Samsung Electronics Co.'s profit for the fourth quarter missed analysts' estimates due to tepid smartphone sales and weak memory chip prices.
South Korea's biggest company posted operating income of 9 trillion won ($8.3 billion) for the three months ended December in preliminary results released Friday. That compares with a 9.52 trillion won average of analyst forecasts. Sales for the quarter were 61 trillion won. The company didn't provide net income or break out divisional performance, which it will report later this month when it releases final results.
Samsung shares rose as much as 1.8% in early Seoul trading on Friday.
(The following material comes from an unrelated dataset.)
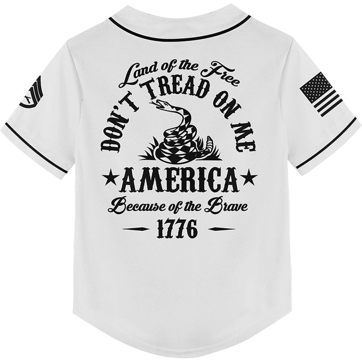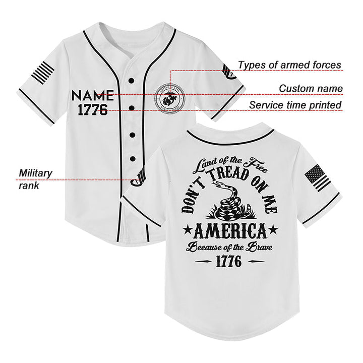 Custom White Land OF The Free Don't Tread On Me America Because Of The Brave 1776 Military Rank Veteran Name Baseball Jersey

Galaxy smartphone sales were weaker in the quarter as Apple Inc. released its first 5G-compatible iPhones and Chinese rivals launched aggressive campaigns to secure the market share vacated by Huawei Technologies Co.'s sanction-stricken consumer business. Samsung shipped 41 million 5G devices in the past year, according to Strategy Analytics estimates, lagging behind Apple's 52 million and Huawei's 80 million sold largely at home in China.
The Suwon-based company plans to unveil its next flagship series, the Galaxy S21, earlier than its usual annual schedule with a Jan. 14 online event. Competitors like Xiaomi Corp., Oppo and Vivo are aggressively positioning themselves to fill the void expected to be left by Huawei in international markets.
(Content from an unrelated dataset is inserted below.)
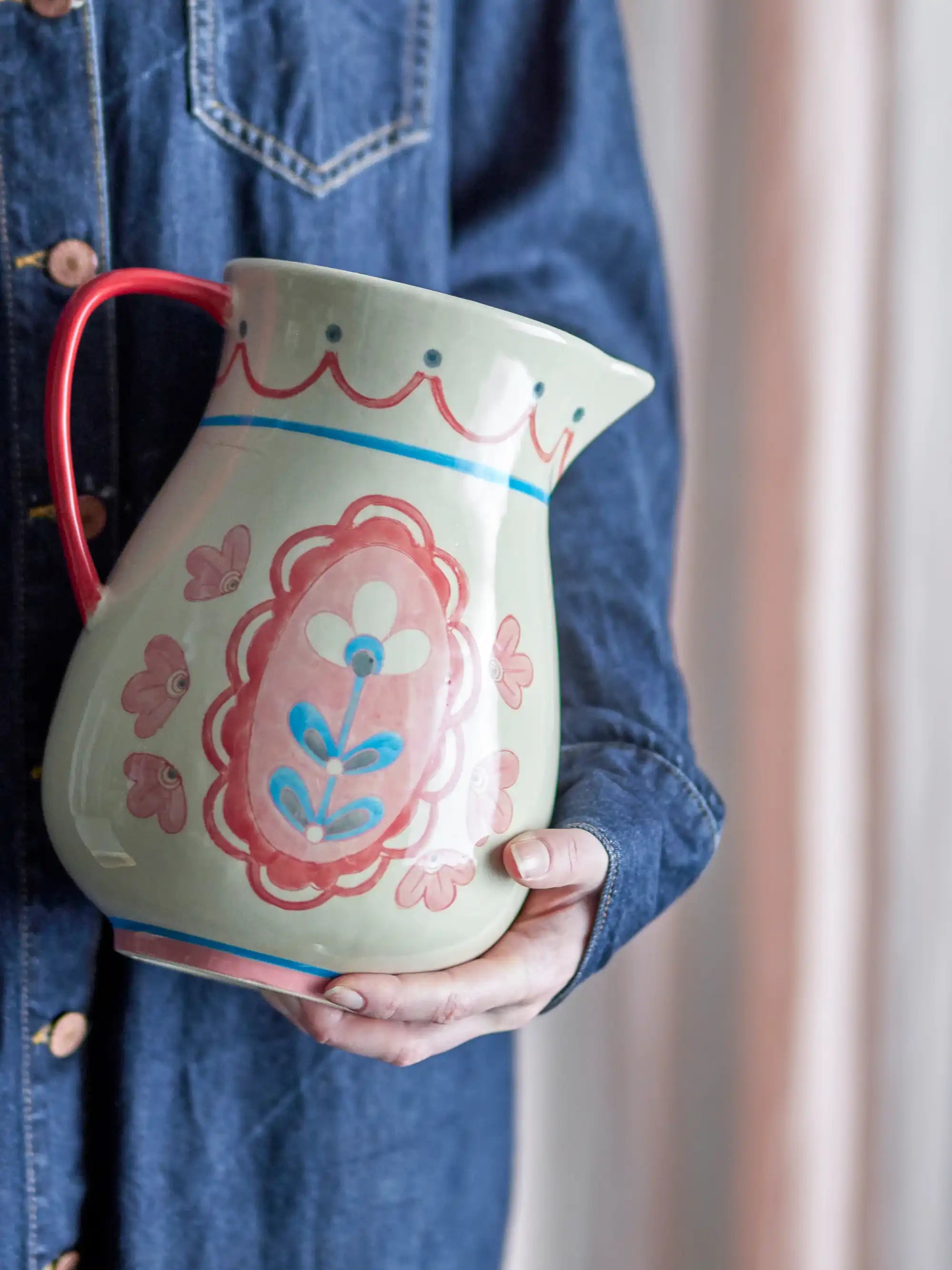 Por qué querrás tener esta jarra: Aporta alegría y sofisticación a tu mesa al instante con esta encantadora jarra de cerámica de Bloomingville. El suave tono rosa y los motivos florales crean un ambiente acogedor y cálido que hace especial cualquier reunión.

Read more: Apple Supplier Murata Expects Half Billion 5G Phones in New Year
Memory chip prices fell owing to a slowdown in server demand, though that is expected to rebound starting in the current quarter, according to C.W. Chung, head of pan-Asia technology at Nomura Financial Investment. A stronger Korean won during the period also eroded Samsung's earnings.
“The company's mobile and memory businesses are set to recover from the first quarter,” Chung said ahead of the earnings release. “Server demand is rising on a potential DRAM shortage later this year. The upward trend in the memory market will accelerate and is likely to continue up to the end of 2021.”
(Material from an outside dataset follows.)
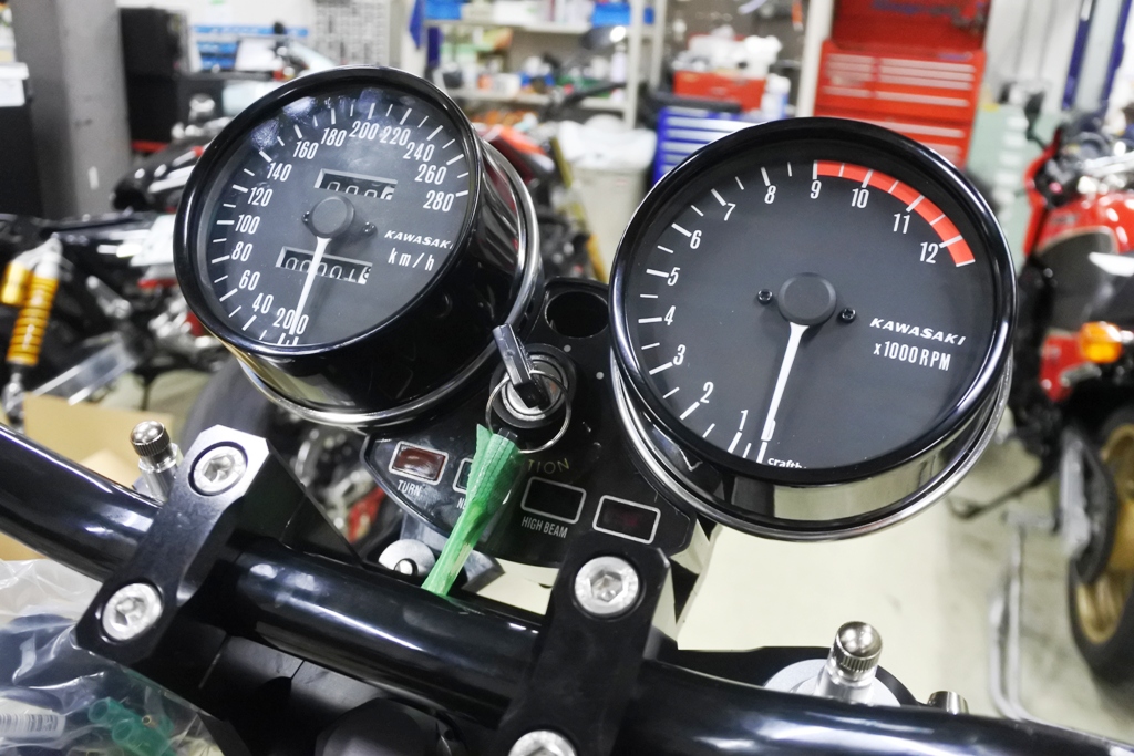 メーターはカワサキ純正品を専門業者さんにフルリビルドして頂いたもの・・・

Fellow memory chipmaker Micron Technology Inc. issued a bullish forecast this week, predicting that the need for dynamic random access memory will likely exceed supply this quarter. The tightness of supply in DRAM is already driving up prices, according to Chief Executive Officer Sanjay Mehrotra. His company and Samsung will be competing for a share of what's expected to be a broad recovery in demand, led by the automotive sector and increased usage of more advanced, resource-intensive applications like artificial intelligence.
What Bloomberg Intelligence Says
“Sustained demand in 1H for cloud servers, smartphones and PCs, followed by increased IT spending in 2H, could spur DRAM bit growth of more than 20%. DRAM gigabytes per device may keep expanding amid AI and 5G use.”